Disassembly of section .data:

200000c0 <__data_start__>:
200000c0:	4770      	bx	lr

200000c2 <emma>:
#include <pico/platform.h>

extern "C" void __no_inline_not_in_flash_func(emma)() {
}
200000c2:	4770      	bx	lr

I'll try to work out how to move the question to the Pico forum as you suggest.

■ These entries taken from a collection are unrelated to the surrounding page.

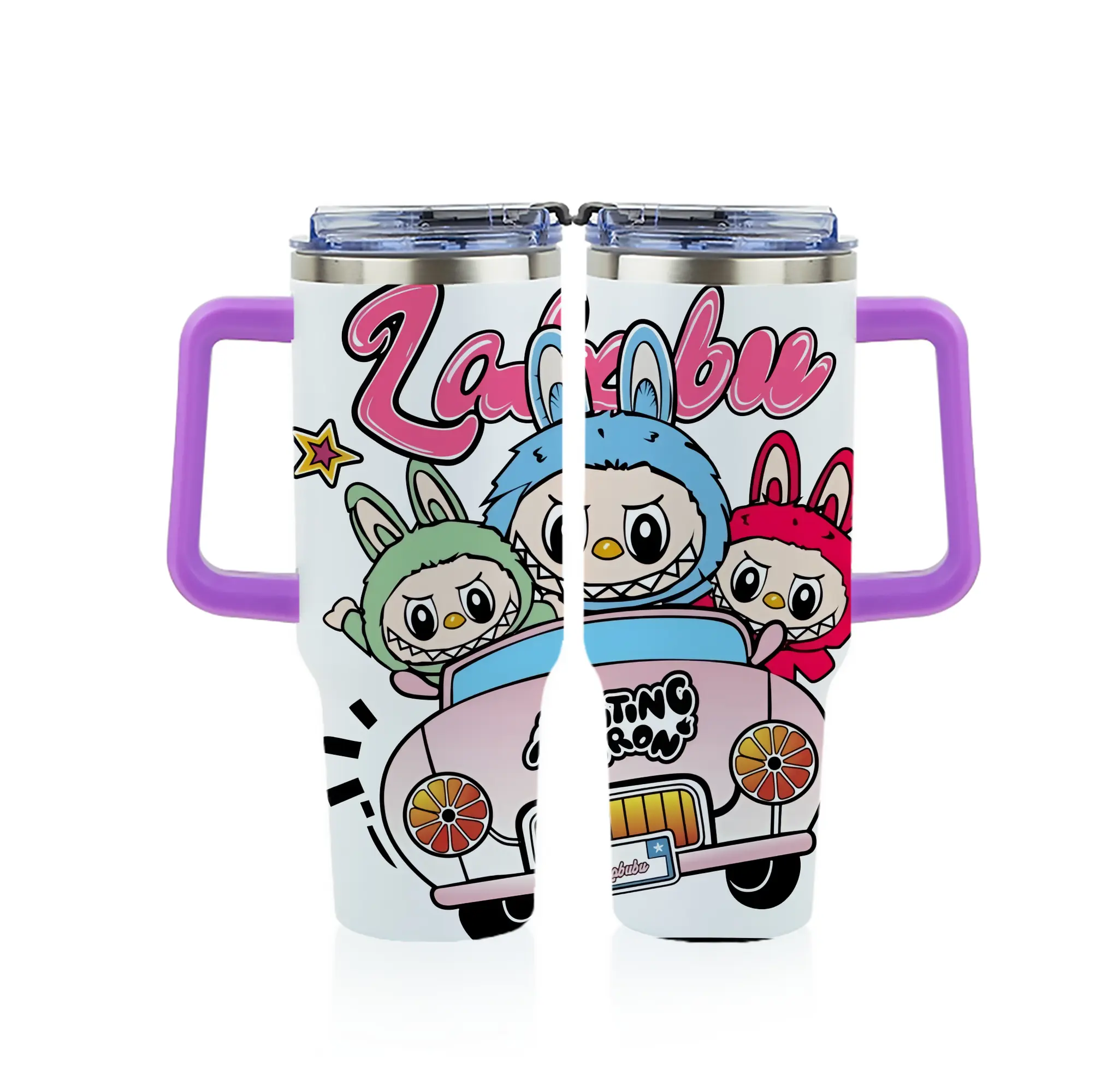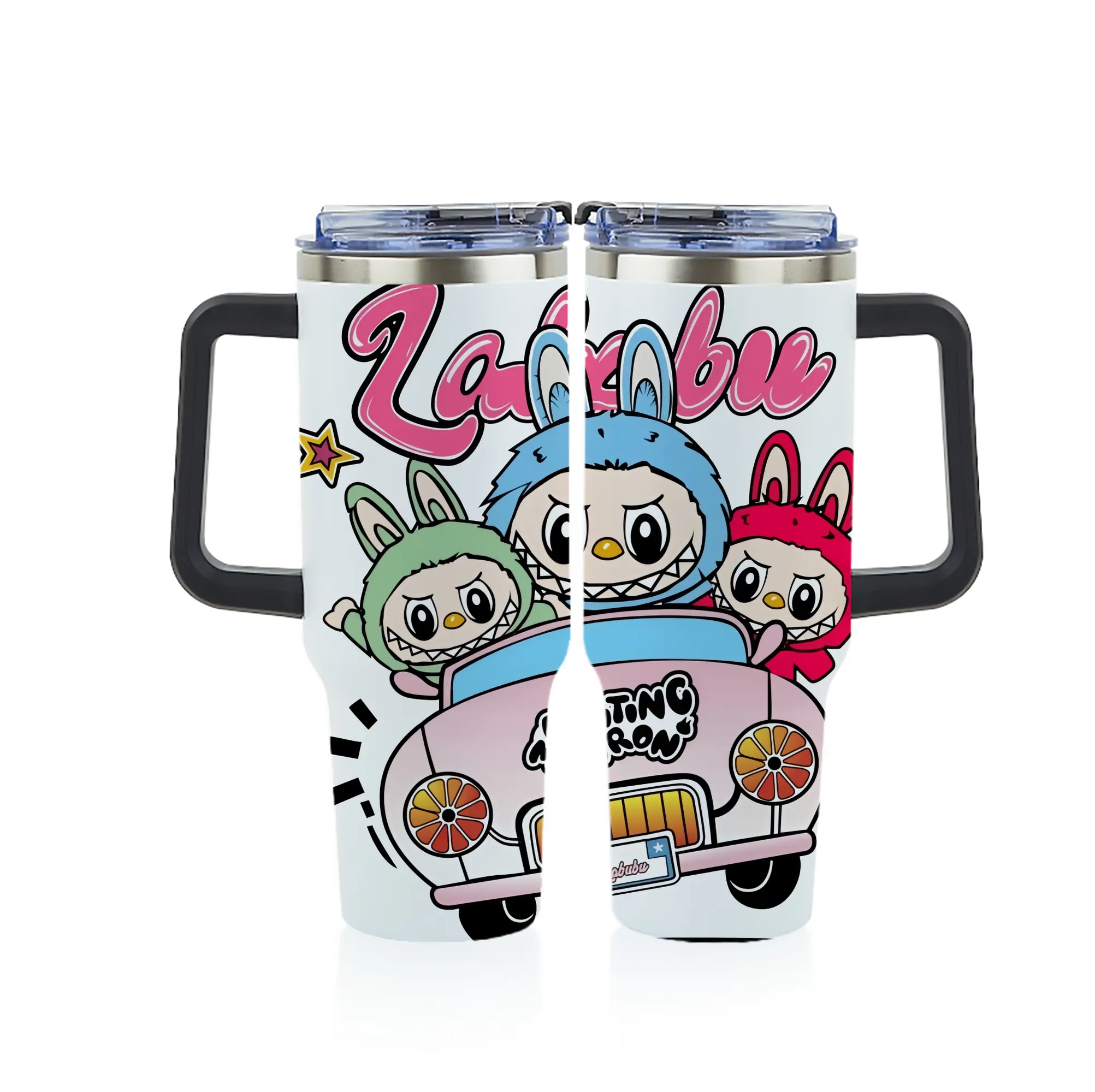 ラブブ グッズ ラブブ - 1200mL フルプリント車用タンブラー ・ 304ステンレス 内側 ・ 201ステンレス 外側 ・ 保温 保冷 ・ 通勤 ドライブ アウトドア用
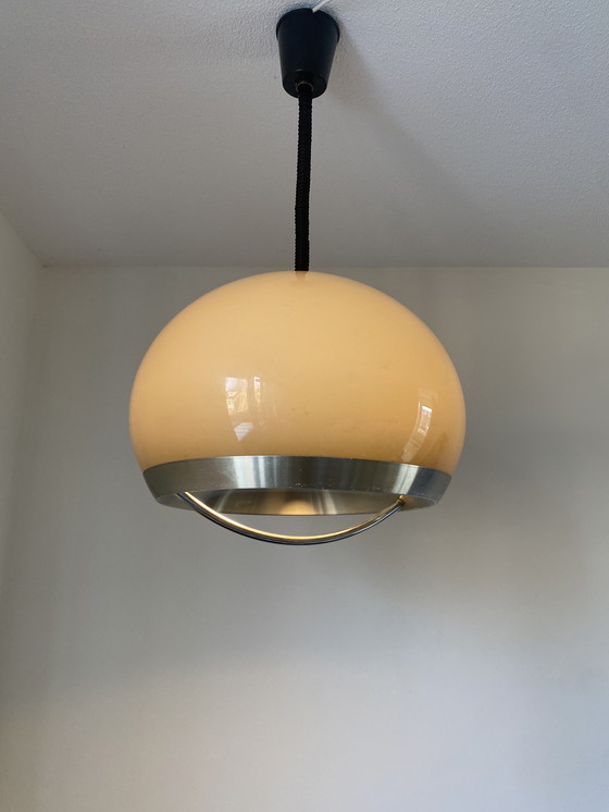 Bellissima lampada a sospensione vintage a forma di fungo con globo in vetro acrilico marrone e cromo. Lampada di metà secolo in tipico design olandese degli anni '70. In buone condizioni vintage. Presenta qualche piccolo graffio qua e là, ma non sono evidenti. Dimensioni: P: 50 cm, A: 40 cm. Dijkstra, Herda, Space Age, Guzzini
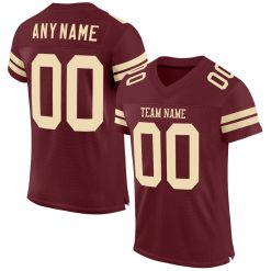 Custom Burgundy Cream Mesh Authentic Football Jersey $27.99
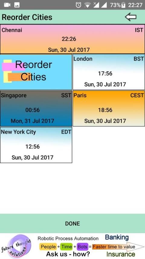 विश्व समय नियोजक में, समय घर शहर सहित हर शहर के लिए बदला जा सकता है। समय कन्वर्ट तुरन्त। एक शहर में कोई परिवर्तन गतिशील रूप से अन्य सभी तुरन्त शहरों के लिए बदल जाता है। हम 22000+ शहरों के एक डेटाबेस है।
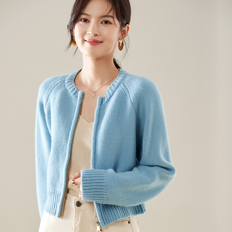 短いジッパーセーターのカーディガンさん2023秋の季節の新型韓国版ゆるい小柄なニットコート
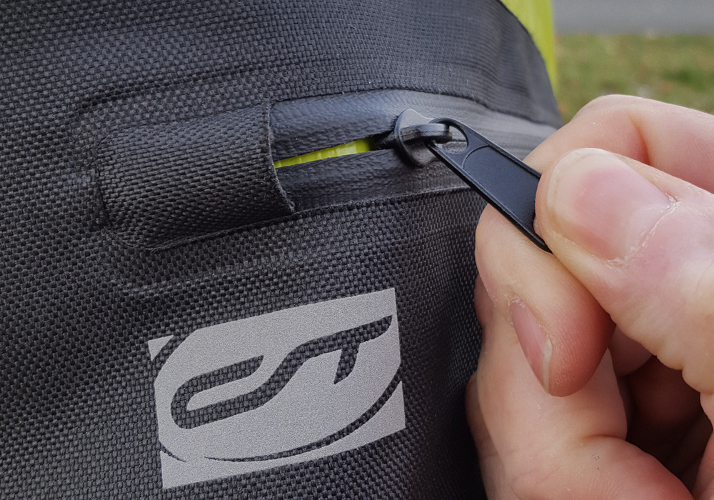 Verder heeft deze pure tas voor op de rug een vast hengsel, een groot stuk klittenband om de rolsluiting (met verharde rand voor meer grip) mee vast te zetten, en reflecterende onderdelen. Het gaas aan de rugzijde is sneldrogend en de schouderriemen zijn afzonderlijk verstelbaar: zowel de borstriem als de heupgordel. En: de tas is licht van gewicht.
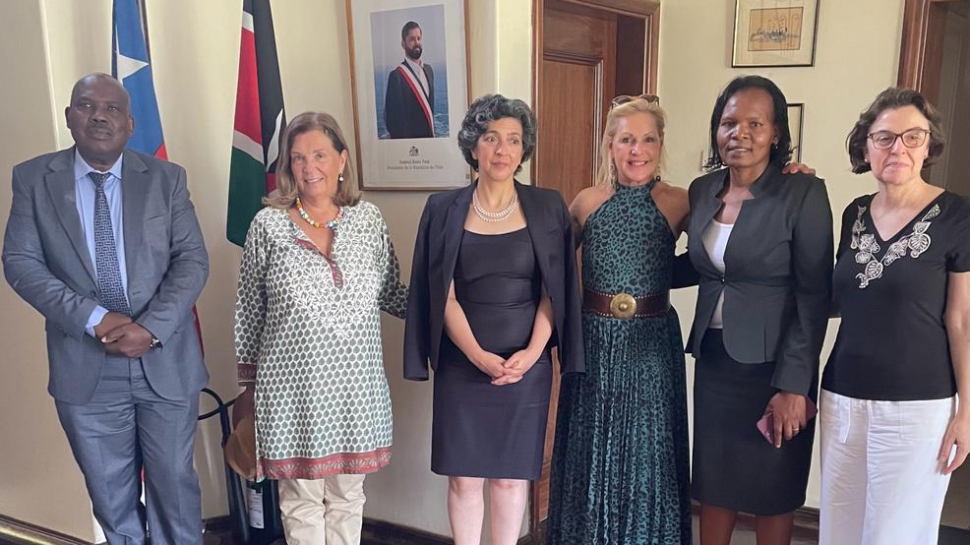 La semana recién pasada la Embajadora de Chile en Kenia, Maria Alejandra Guerra, recibió en la residencia oficial a sus pares de España y Portugal, Embajadoras Cristina Diaz Fernández-Gil y Ana Filomena Da Costa Rocha respectivamente, para sostener un almuerzo de trabajo junto a la Profesora Mary Gikungu, Directora General de los Museos Nacionales de Kenia y el Sr Frederick Kyalo, Director de Antigüedades, Sitios y Monumentos de Kenia.
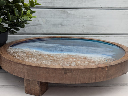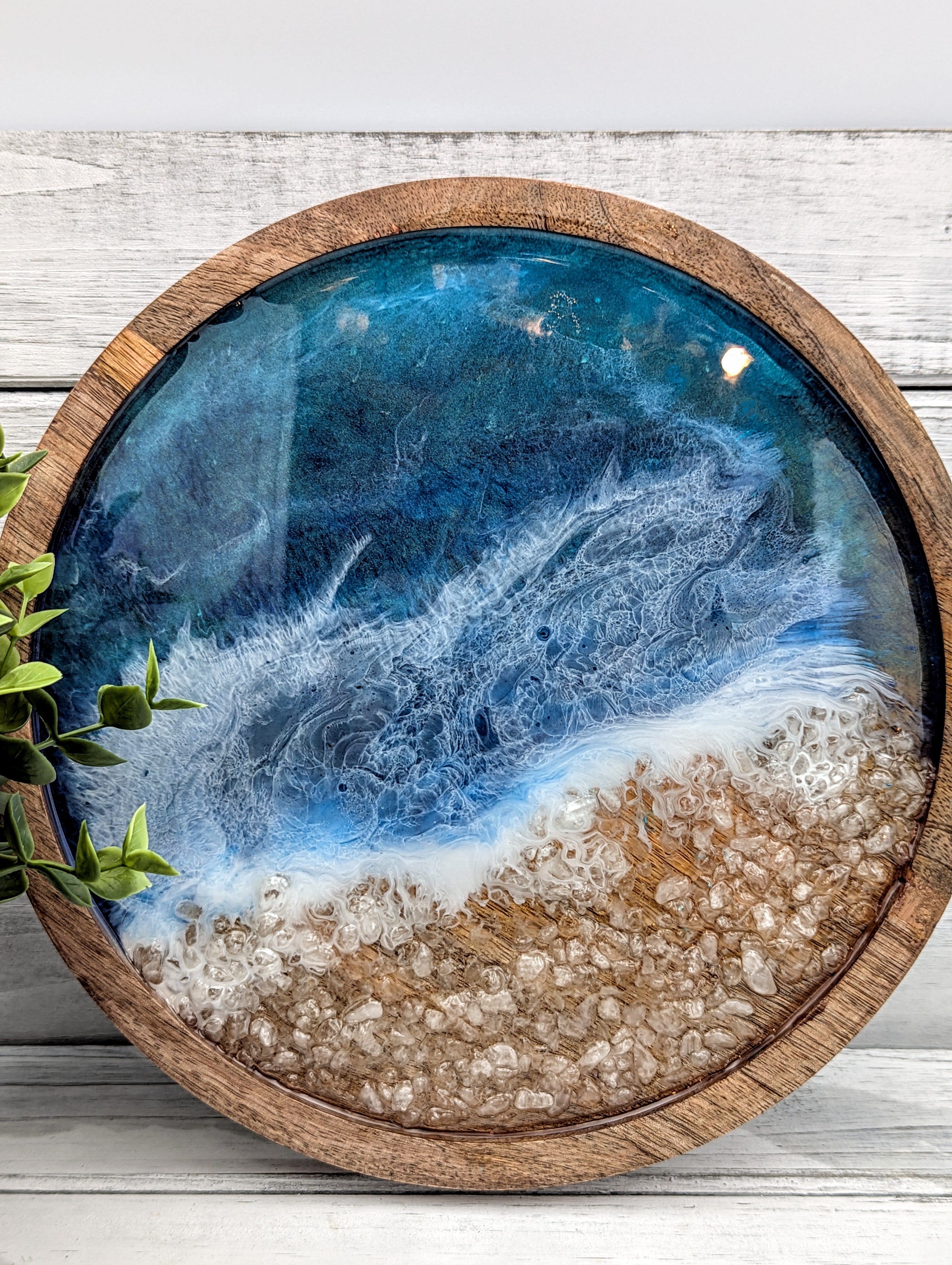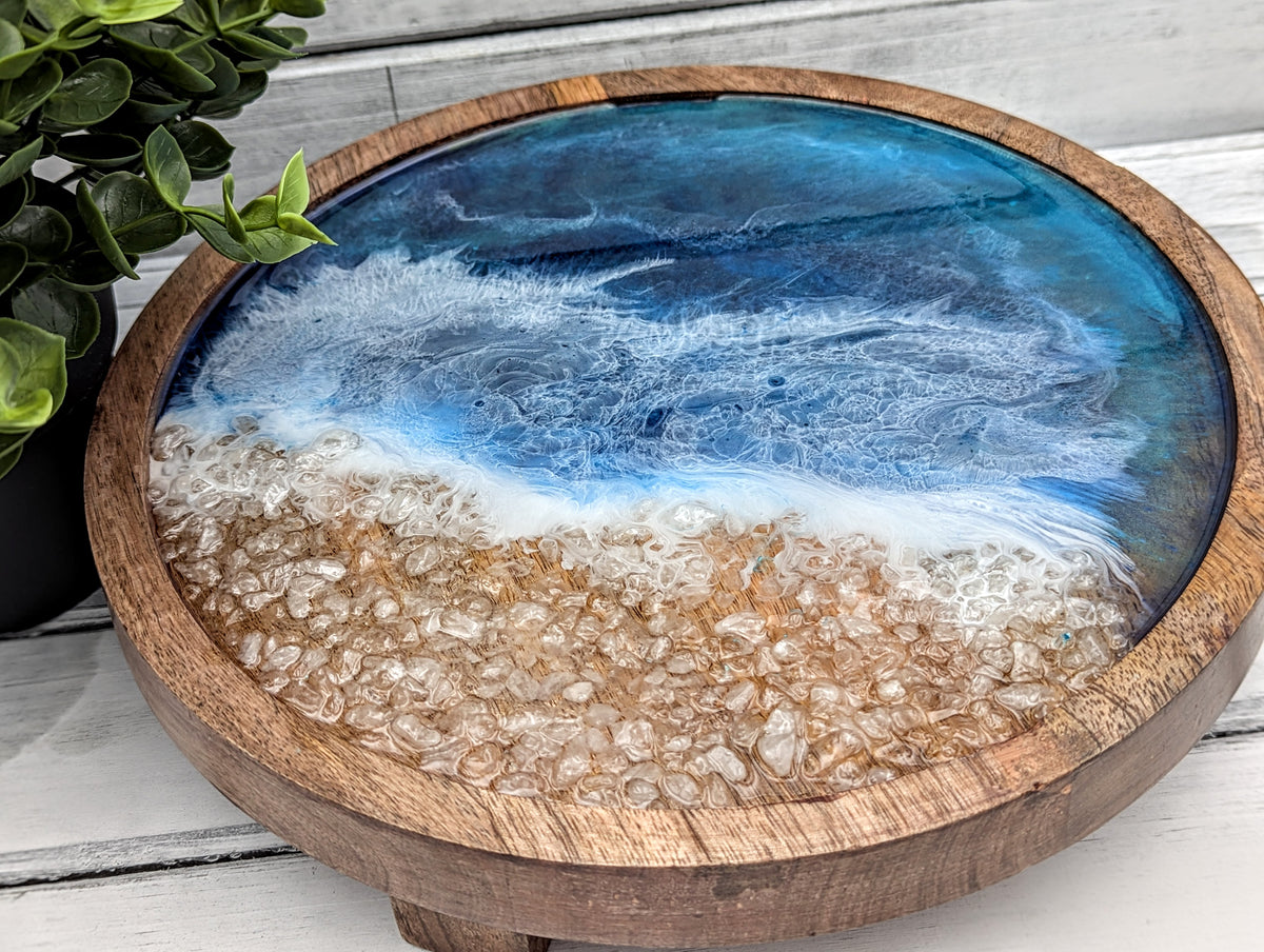 One of a Kind round wood tray with hand poured epoxy to create the perfect ocean wave design. Our Wood Tray can be used as kitchen decor, bathroom decor, or in your beach home.

Well, I got the veneer case to work by adding some additional directives to jane.S
(I used -S to see what the assembly functions produced by emma.cpp looked like, and pretty much copied all of them to jane.S)

.thumb
.section .time_critical.jane
.global jane
.thumb_func
.syntax unified
.align  1
.arch armv6 - m
.code   16

.type   jane, % function


.cfi_startproc

jane:
  bx  lr
  
.cfi_endproc

I have no idea how much of that should be necessary.
EDIT: It looks like those changes cause the long_call version to produce correct code as well:

10000348 <setup>:
10000348:       b510            push    {r4, lr}
1000034a:       f00c ff95       bl      1000d278 <__emma_veneer>
1000034e:       4b01            ldr     r3, [pc, #4]    ; (10000354 <setup+0xc>)
10000350:       4798            blx     r3
10000352:       bd10            pop     {r4, pc}
10000354:       200000c1        andcs   r0, r0, r1, asr #1

I also noticed that the compile command for the .S file did not include any of -march=armv6-m -mcpu=cortex-m0plus -mthumb, but adding them did not seem to change anything.

Bingo!

It seems to be the .type jane, % function that's important. I've added

.type cic84fromBits, % function

to my (real, not simplified) code, changed the declaration in the C caller to

extern "C" void __attribute__((long_call)) cic84fromBits(int16_t* dst, const uint8_t* src, size_t n);

and got rid of the hand-written veneer. All is well, and it'll execute a couple of cycles faster too.

Thank you!

This topic was automatically closed 180 days after the last reply. New replies are no longer allowed.